• _Assigned task_:
Copy the records below exactly, starting at the line that contains "まずはご入居者様の身長や体重" and ending at the line that contains "負離子衛生巾:首創雙芯技術,將活氧與負離"; leave out any pictures.

• _Input for this task_:
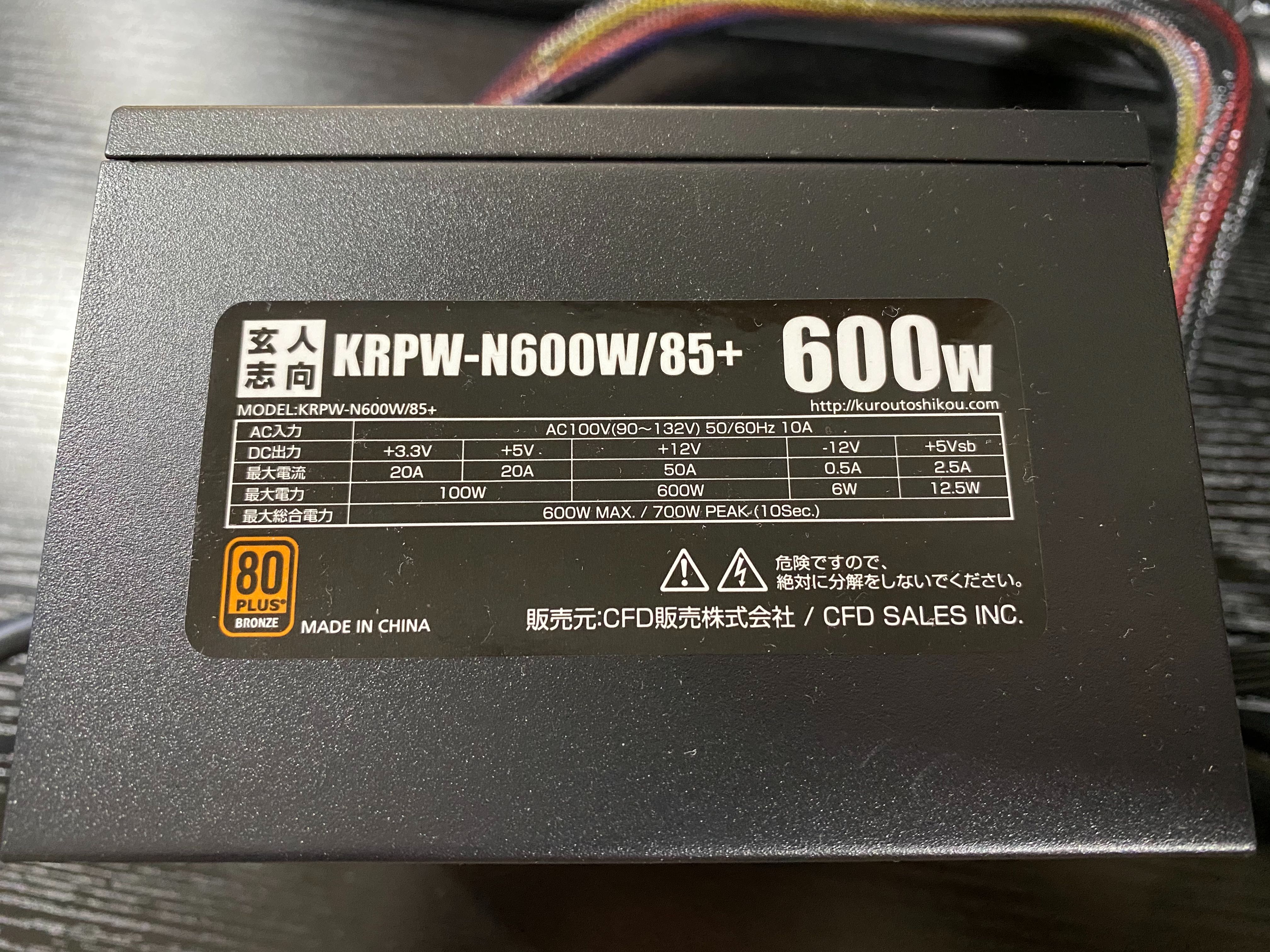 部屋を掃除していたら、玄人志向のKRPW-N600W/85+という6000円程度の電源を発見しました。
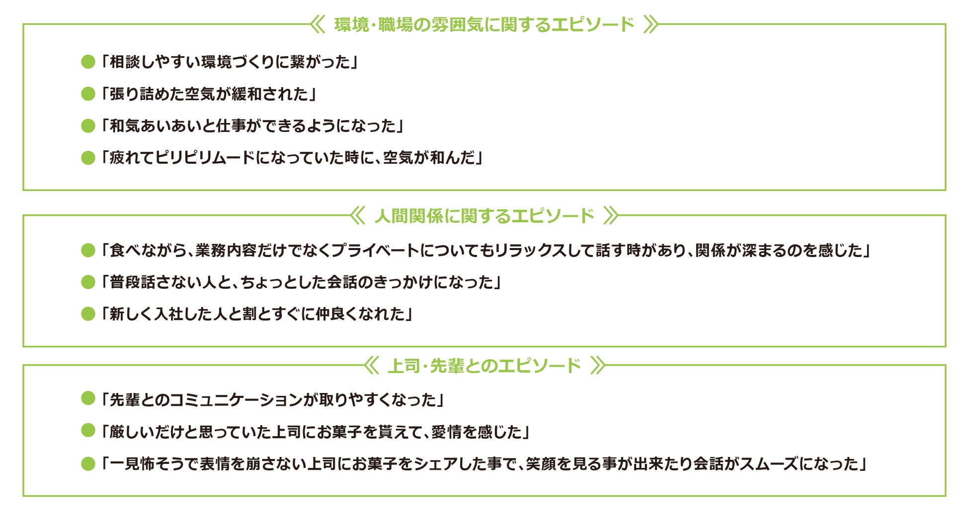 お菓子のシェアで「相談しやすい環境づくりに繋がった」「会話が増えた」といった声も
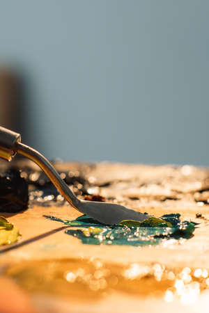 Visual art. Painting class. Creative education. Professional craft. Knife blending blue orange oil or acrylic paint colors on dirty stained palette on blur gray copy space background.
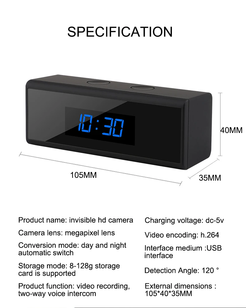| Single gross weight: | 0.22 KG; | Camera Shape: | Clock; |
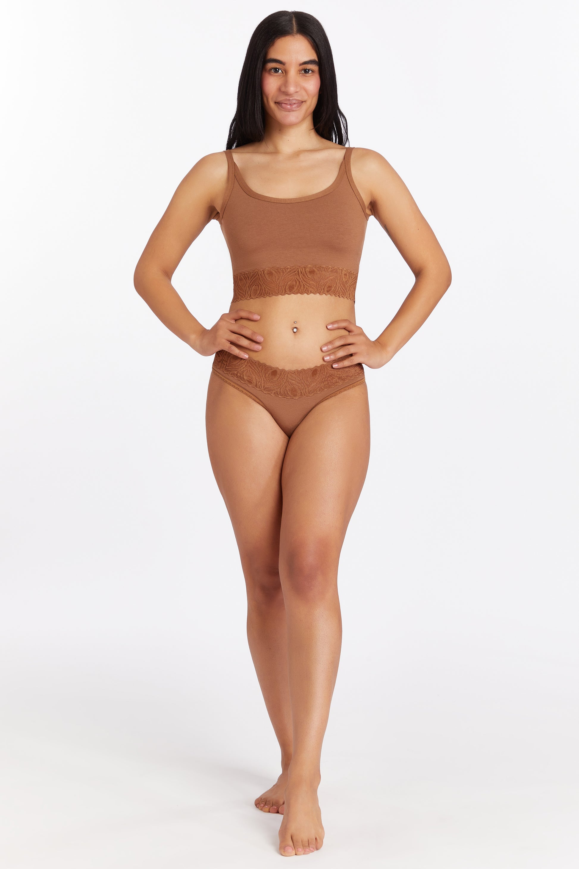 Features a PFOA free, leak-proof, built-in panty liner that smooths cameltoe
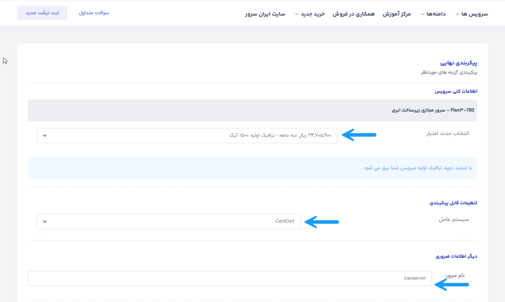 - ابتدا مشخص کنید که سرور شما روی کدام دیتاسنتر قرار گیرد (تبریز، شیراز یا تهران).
* * *
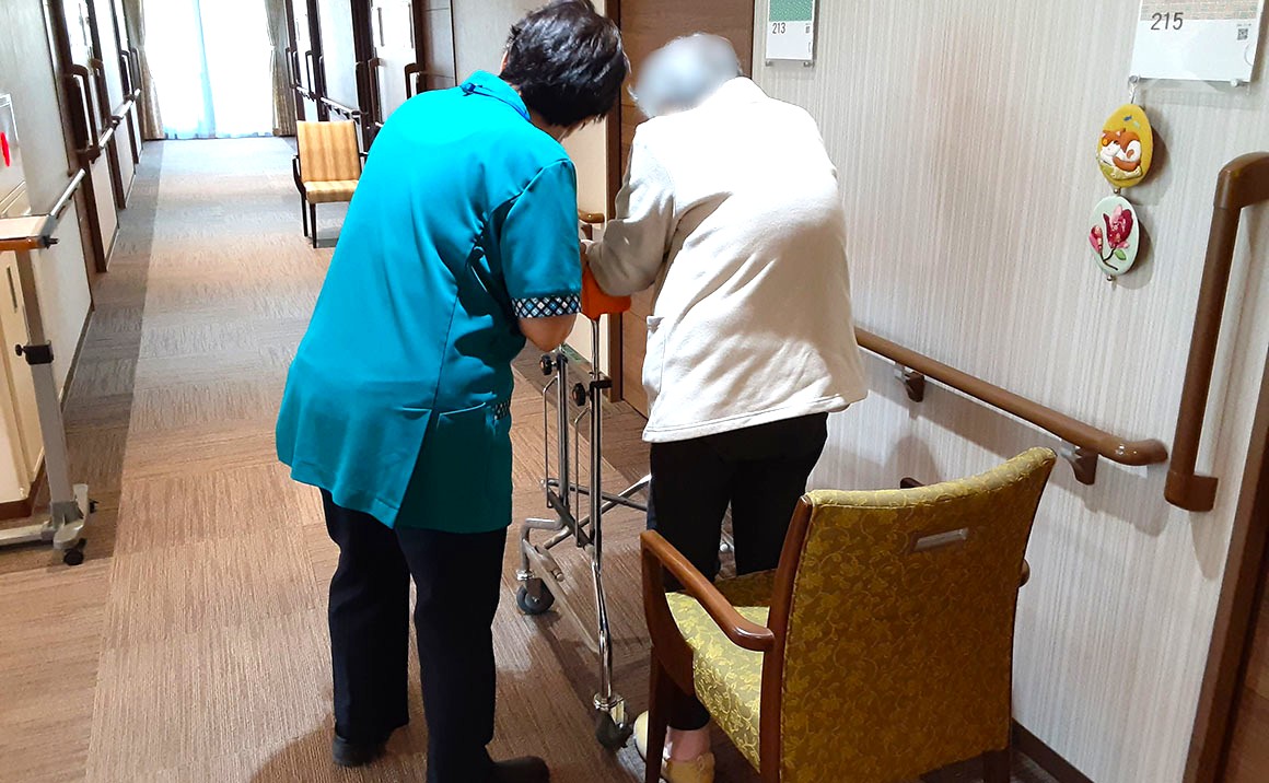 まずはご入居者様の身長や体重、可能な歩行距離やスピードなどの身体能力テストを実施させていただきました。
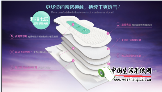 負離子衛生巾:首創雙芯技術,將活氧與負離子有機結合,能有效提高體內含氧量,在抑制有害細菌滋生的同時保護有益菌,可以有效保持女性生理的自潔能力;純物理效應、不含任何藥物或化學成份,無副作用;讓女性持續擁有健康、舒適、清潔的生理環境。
==
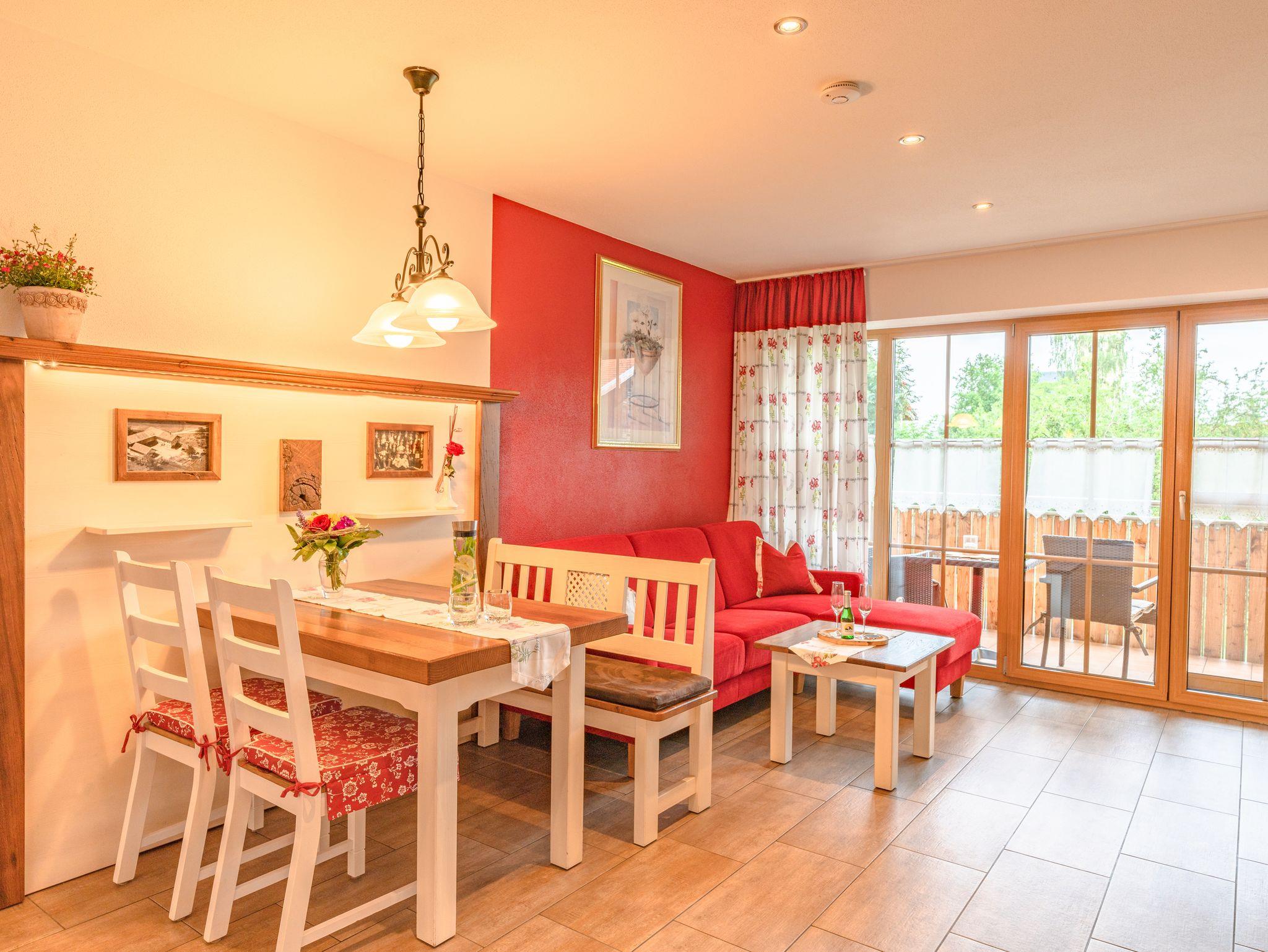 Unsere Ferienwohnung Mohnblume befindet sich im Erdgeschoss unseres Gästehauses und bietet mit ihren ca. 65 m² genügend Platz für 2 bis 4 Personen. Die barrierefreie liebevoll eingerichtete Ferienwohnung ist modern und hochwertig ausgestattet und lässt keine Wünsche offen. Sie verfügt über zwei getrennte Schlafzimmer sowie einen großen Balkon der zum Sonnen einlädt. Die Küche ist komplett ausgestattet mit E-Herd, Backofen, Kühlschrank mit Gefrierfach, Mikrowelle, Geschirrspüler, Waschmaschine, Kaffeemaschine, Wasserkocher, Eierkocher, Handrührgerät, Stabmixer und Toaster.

• _Answer box_:
 まずはご入居者様の身長や体重、可能な歩行距離やスピードなどの身体能力テストを実施させていただきました。
 負離子衛生巾:首創雙芯技術,將活氧與負離子有機結合,能有效提高體內含氧量,在抑制有害細菌滋生的同時保護有益菌,可以有效保持女性生理的自潔能力;純物理效應、不含任何藥物或化學成份,無副作用;讓女性持續擁有健康、舒適、清潔的生理環境。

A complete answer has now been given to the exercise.